- Please see the titled question. Poverty obviously demands pressing solutions, let alone a stopgap. Dasgupta beneath refers to "the best Desta’s world can do": isn't Voluntary childlessness and Antinatalism more effective and instant? Kids who play and scavenge in garbage, and who live in sewers may argue that it was better never to have been born. Harms of their existences are obvious:
- For those who still crave children, why isn't adoption recommended? I refer only to educating the indigent; anything involuntary like eugenics is unethical.
Dasgupta, Partha. Economics: A Very Short Introduction (2007).
p. 159 Bottom
In a moving discourse on the character of poverty at the 2001 Plenary Meeting of the Pontifical Academy of Social Sciences, Vatican, Justice Nicholas McNally of Zimbabwe urged us all to see poverty as a sense of fatalism to ever-increasing economic hardships in a changing, and elsewhere an often progressive, world. At that same meeting, the political scientist Wilfrido Villacorta suggested that the term ‘poor’ when applied to countries is perhaps no longer useful; that countries ought perhaps now to be classified in accordance with some such term as ‘progressive’, so that we may ask if they have the institutions, policies, and civic attitudes in place to enable people to improve their lot. Perhaps the best Becky’s world can do for Desta’s is to offer financial and technical assistance so as to promote and support local enterprises – including those
p. 160
involving education and primary health care – that people there are all too keen to create even as they see from a distance how people elsewhere have been able to improve their conditions of living. And perhaps the best Desta’s world can do for Becky’s is to alert it to the enormous stresses economic growth there has put on Nature. There is, alas, no magic potion for bringing about economic progress in either world. [I bolded]
p. 102
Gender inequalities
The considerations I have just outlined can’t on their own explain the persistence and magnitude of household inequalities in the poor world. In a notable article, the demographer Pravin Visaria observed that the female–male ratio in India had shown a decline since the Indian Census of 1901; worse, it has been considerably less than 1. According to the most recent census, there are 93 women to every 100 men in India. In the rich world today, the ratio is 106 to 100. In answering a question the epidemiologist Lincoln Chen posed in response to Visaria’s finding, namely, ‘Where have the women gone?’, he and his collaborators collected gender-based mortality and anthropometric statistics from villages in the Indian sub-continent and discovered male bias in the allocation of food and health care in poor households. The suspicion is that parents not only practise female infanticide, but also withhold postnatal health care so as to reduce the number of girls in the household. [I bolded]

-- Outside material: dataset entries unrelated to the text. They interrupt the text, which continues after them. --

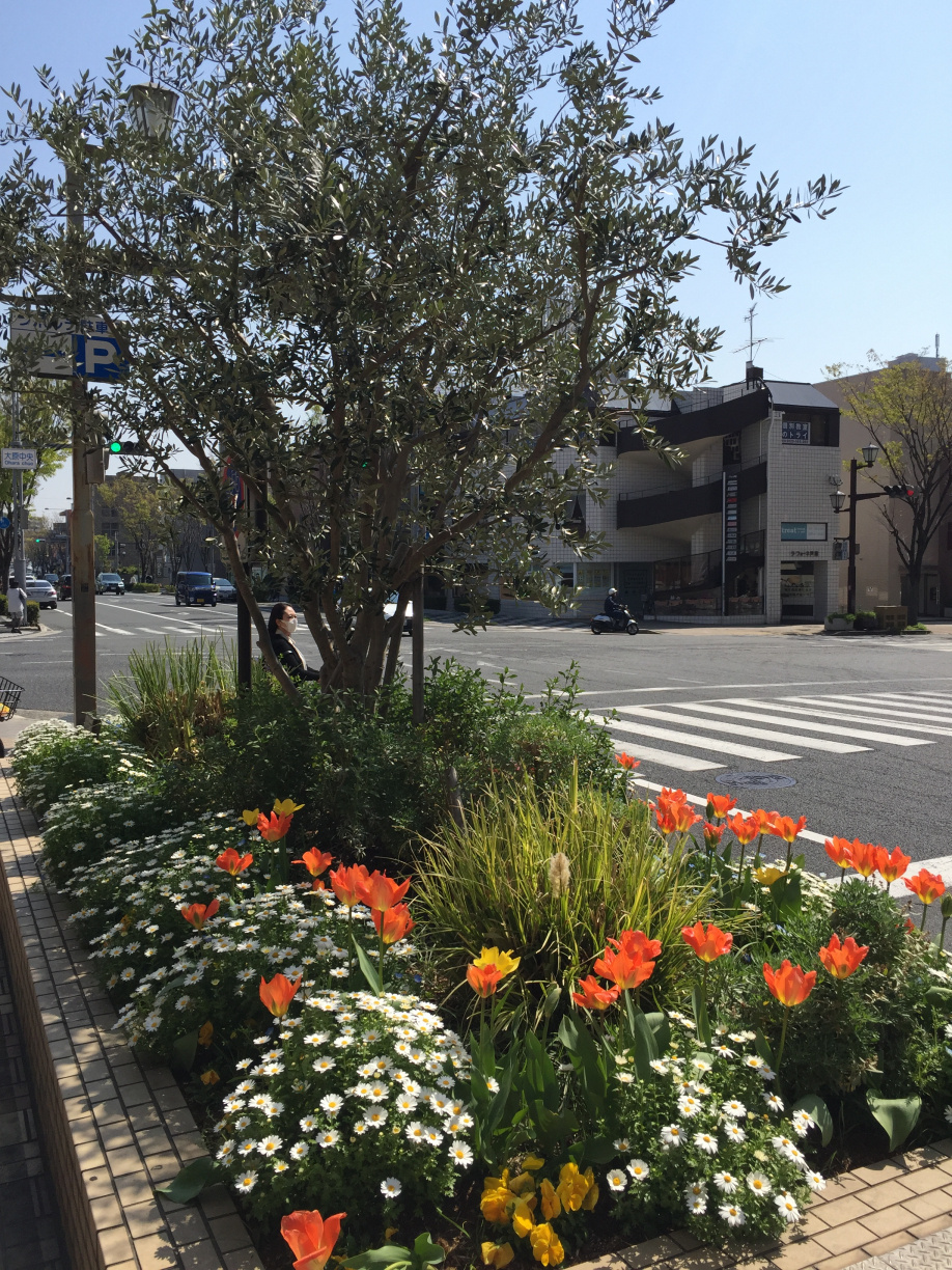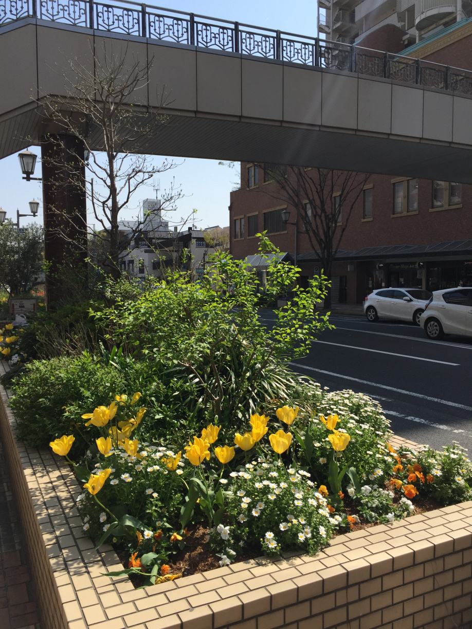 西側の花壇は白いチューリップ。これからハナミズキも咲いてきます。
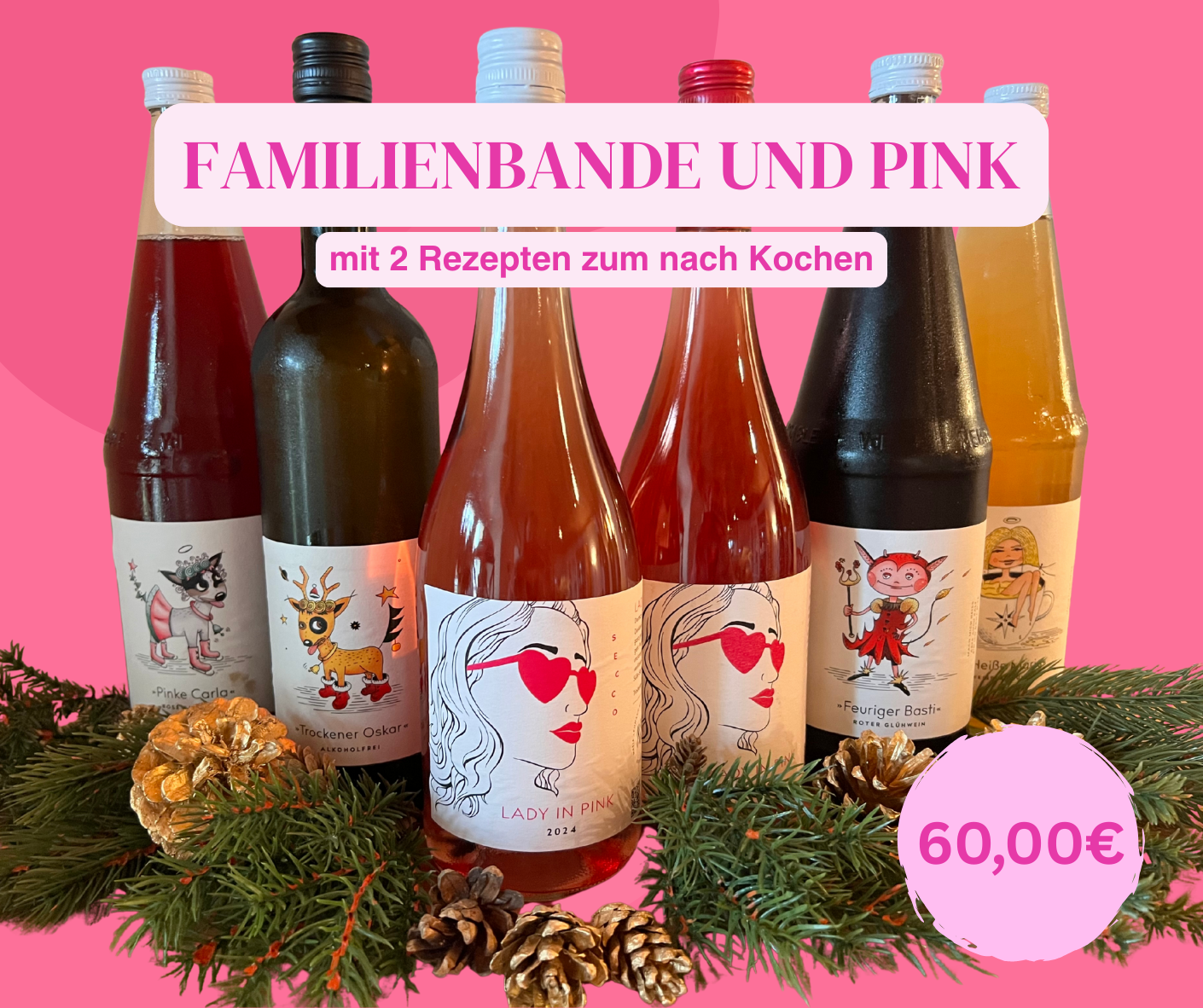Unsere vier Glühweine – benannt nach den Familienmitgliedern – vereint mit einer Flasche Lady in Pink Wein und Secco. Liebe, Wärme und ein Hauch von Glitzer in jeder Flasche.
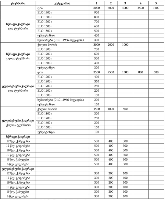 სწრაფ ჭადრაკში: ღია და ქალთა შორის ტურნირებში – 70 ლარი. ასაკობრივ ტურნირებში – 50 ლარი.
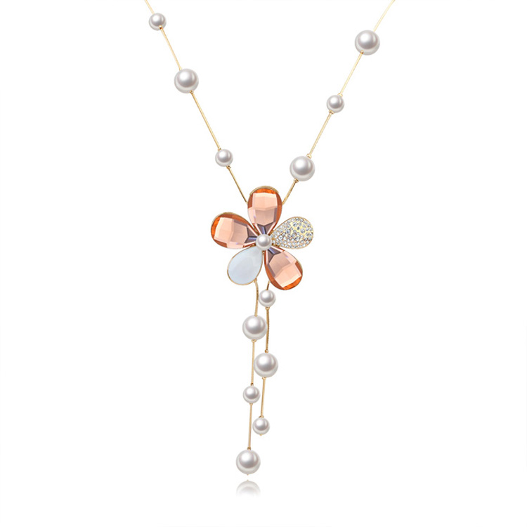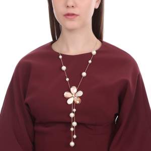 Hermoso collar en baño de oro amarillo de 18 quilates, fino diseño de flor con detalle de perlas blancas e incrustaciones de cristales en color blanco y ámbar. Fabricado en una estructura de aleación de platino con rodio sin níquel.
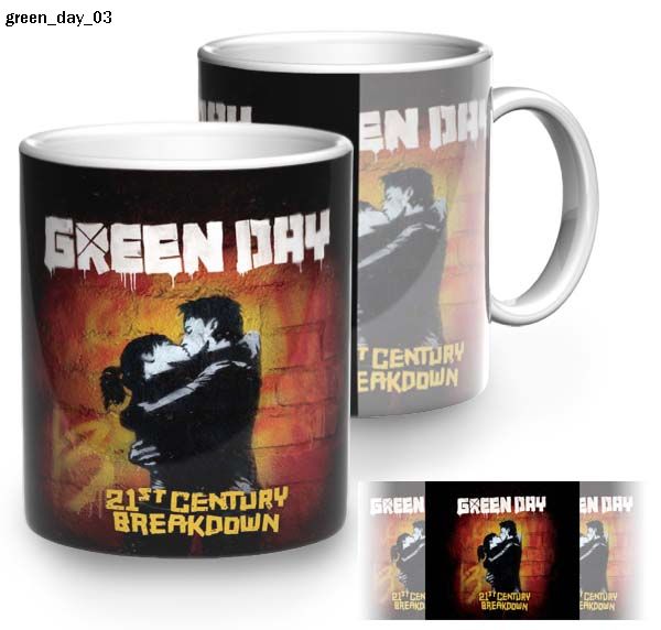 Starannie wykonany kubek z grafiką pop punkowej grupy Green Day
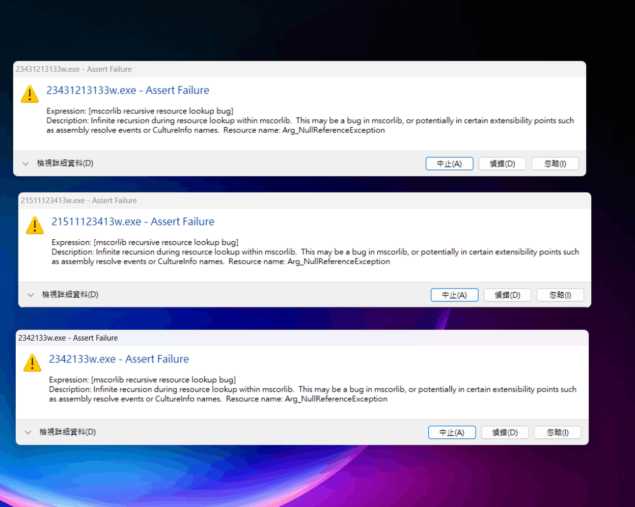 今天我剛打開電腦就發現這三個奇怪的視窗一直跳出來,就算你按中止跟忽略他還是會一直跳出來,按偵錯的時候他提示要去just-in-time Debugger?我去找了很久發現我的visual studio 裡沒這個功能,請問有什麼有效的解決方案嗎?我快被它們煩死了....
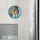 Svart och vit, rund, cirkelformad zebra-designmagnet.

Economics: The User's Guide. p. 334.
Inadequate childhood nutrition, lack of learning stimulus and sub-par schools (frequently found in poor neighbourhoods) restrict the development of poor children, diminishing their future prospects. Parents may have some control over how much nutrition and learning stimulus their children get – and some poor parents, to their credit, make great efforts and provide more of those things than do other parents in similar situations – but there is a limit to what they can do. They are by definition under great financial stress. Many of them are totally exhausted from juggling two or three insecure jobs. And most of them had a poor childhood and poor education themselves.